DATA BLOCK:
====================
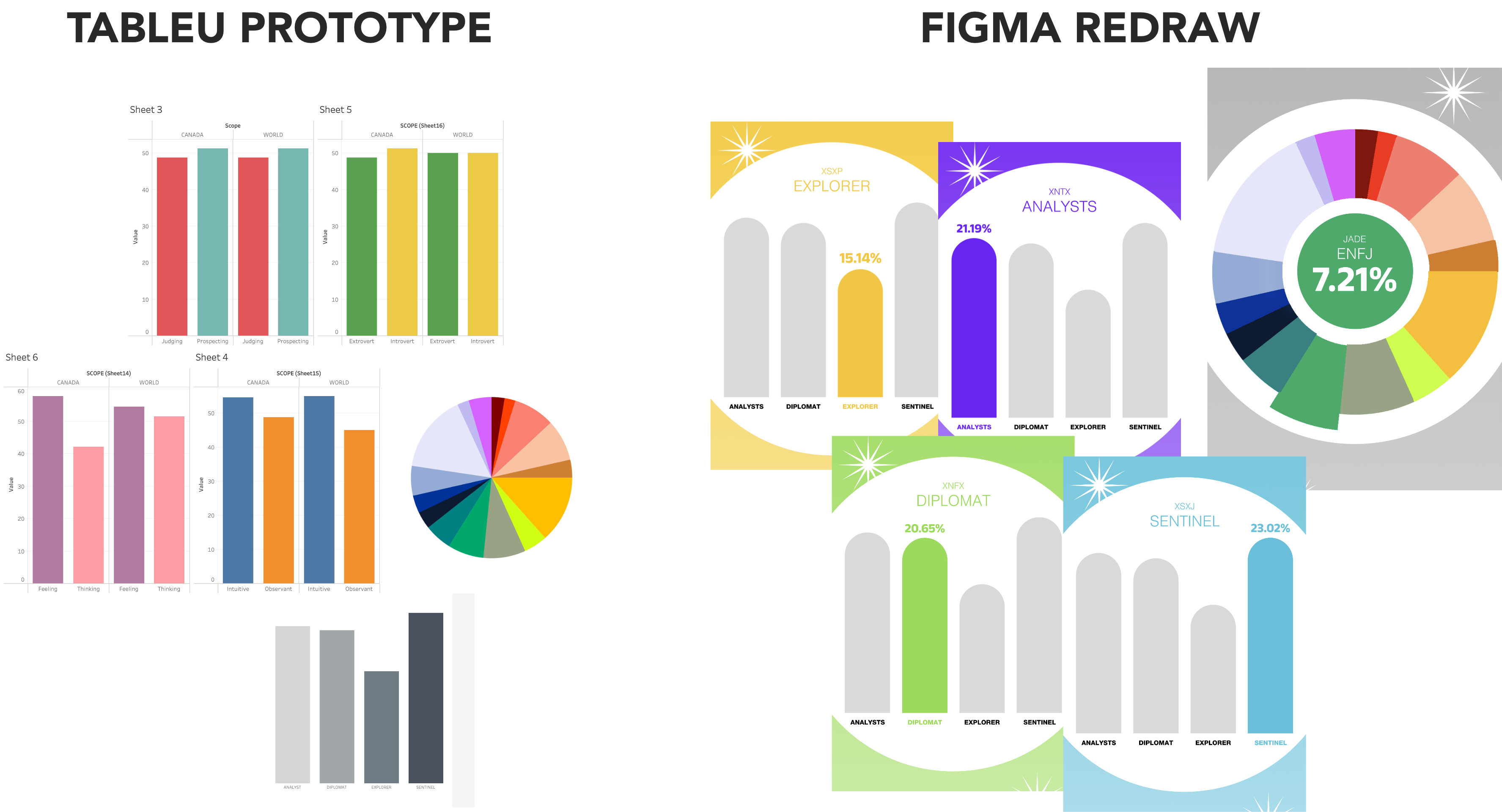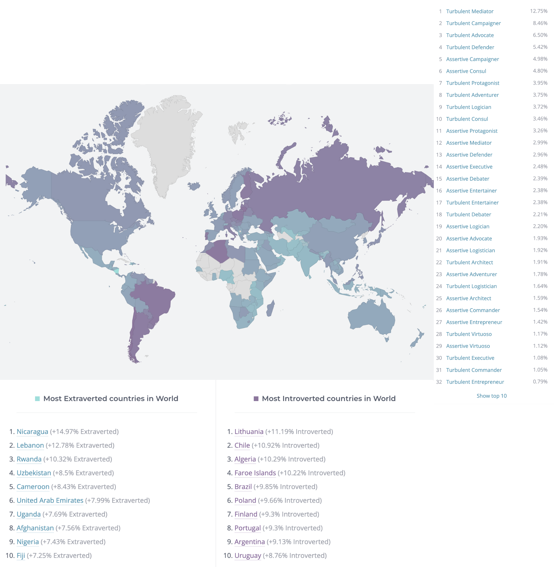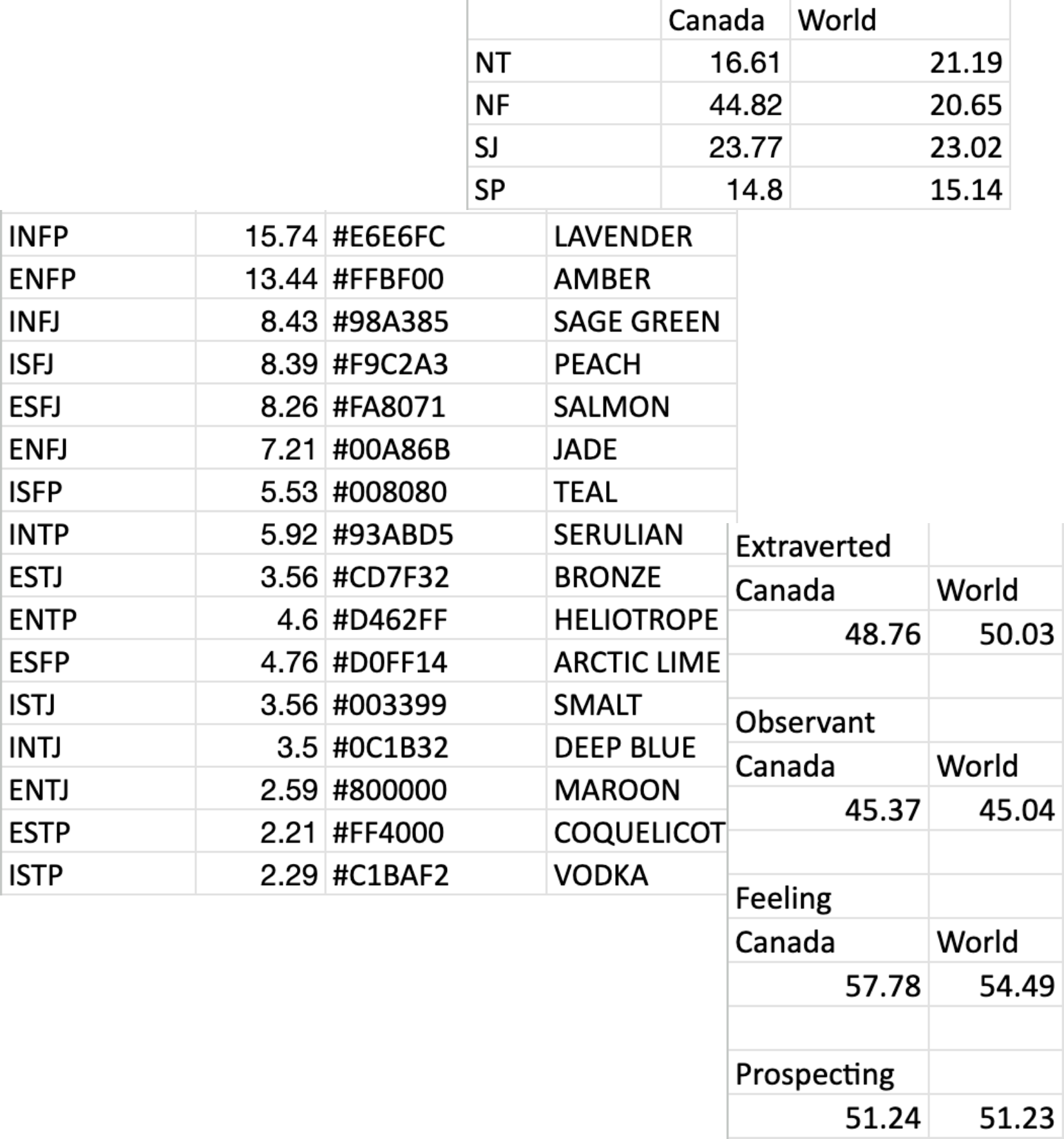 Through my research, I discovered that in Canada, individuals with feeling traits are significantly more prevalent than those with thinking traits, and there are more intuitive, introverted, and prospecting individuals than observant, extroverted, and judging ones. The most common personality types in Canada are the mediator (INFP, 15.74%) and the campaigner (ENFP, 13.44%), with diplomats (people who have intuitive and feeling traits in their personality type) accounting for up to 44.82% of the total population. However, worldwide, sentinels (people who have observant and judging traits in their personality type) have the highest population.
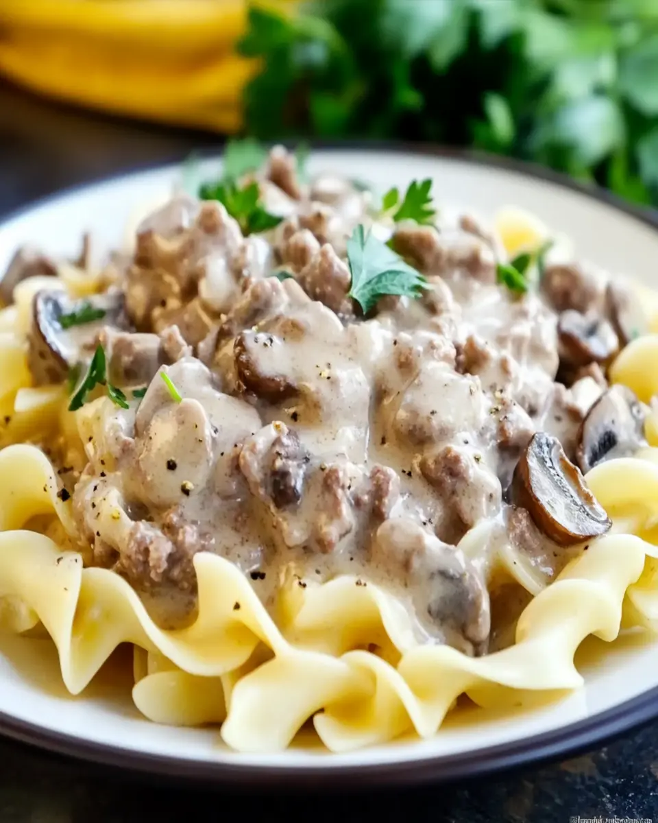 This recipe strikes the perfect balance between creamy and savory, making it a beloved choice for many. The combination of ground beef, mushrooms, and sour cream in a luscious sauce over egg noodles is a timeless classic that evokes warmth and satisfaction. It’s the kind of dish that invites you to gather around the table and share good food with loved ones.
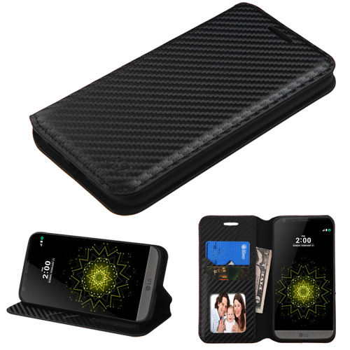 Black Carbon Fiber Print Folio Flip Case w/Stand Faux Leather Cover for LG G5
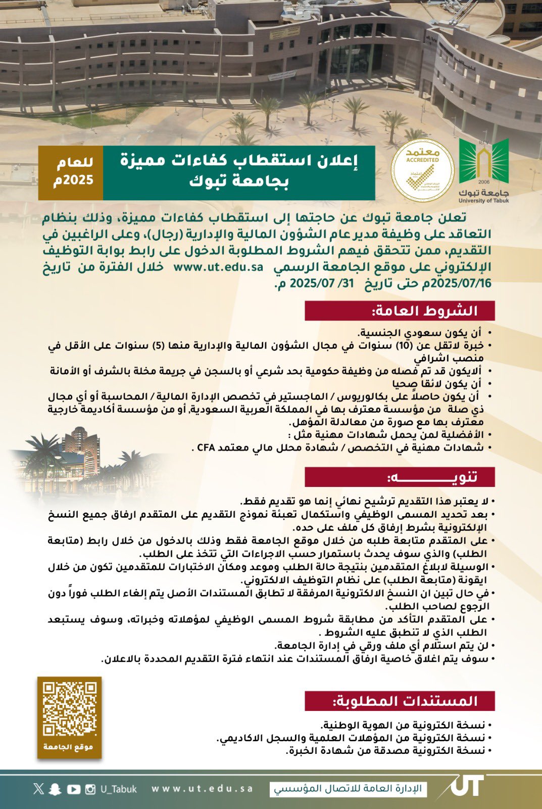 تعلن (جامعة تبوك) عبر حسابها الرسمي على منصة (إكس) عن حاجتها إلى استقطاب كفاءات مميزة، وذلك بنظام التعاقد على وظيفة (مدير عام الشؤون المالية والإدارية) للرجال، وذلك وفقاً للتفاصيل والشروط الآتية.
====================
The answer should consist only of the lines from the one with "This recipe strikes" through the last line of the material above, copied exactly, with no pictures.

COMPLETED EXERCISE:
 This recipe strikes the perfect balance between creamy and savory, making it a beloved choice for many. The combination of ground beef, mushrooms, and sour cream in a luscious sauce over egg noodles is a timeless classic that evokes warmth and satisfaction. It’s the kind of dish that invites you to gather around the table and share good food with loved ones.
 Black Carbon Fiber Print Folio Flip Case w/Stand Faux Leather Cover for LG G5
 تعلن (جامعة تبوك) عبر حسابها الرسمي على منصة (إكس) عن حاجتها إلى استقطاب كفاءات مميزة، وذلك بنظام التعاقد على وظيفة (مدير عام الشؤون المالية والإدارية) للرجال، وذلك وفقاً للتفاصيل والشروط الآتية.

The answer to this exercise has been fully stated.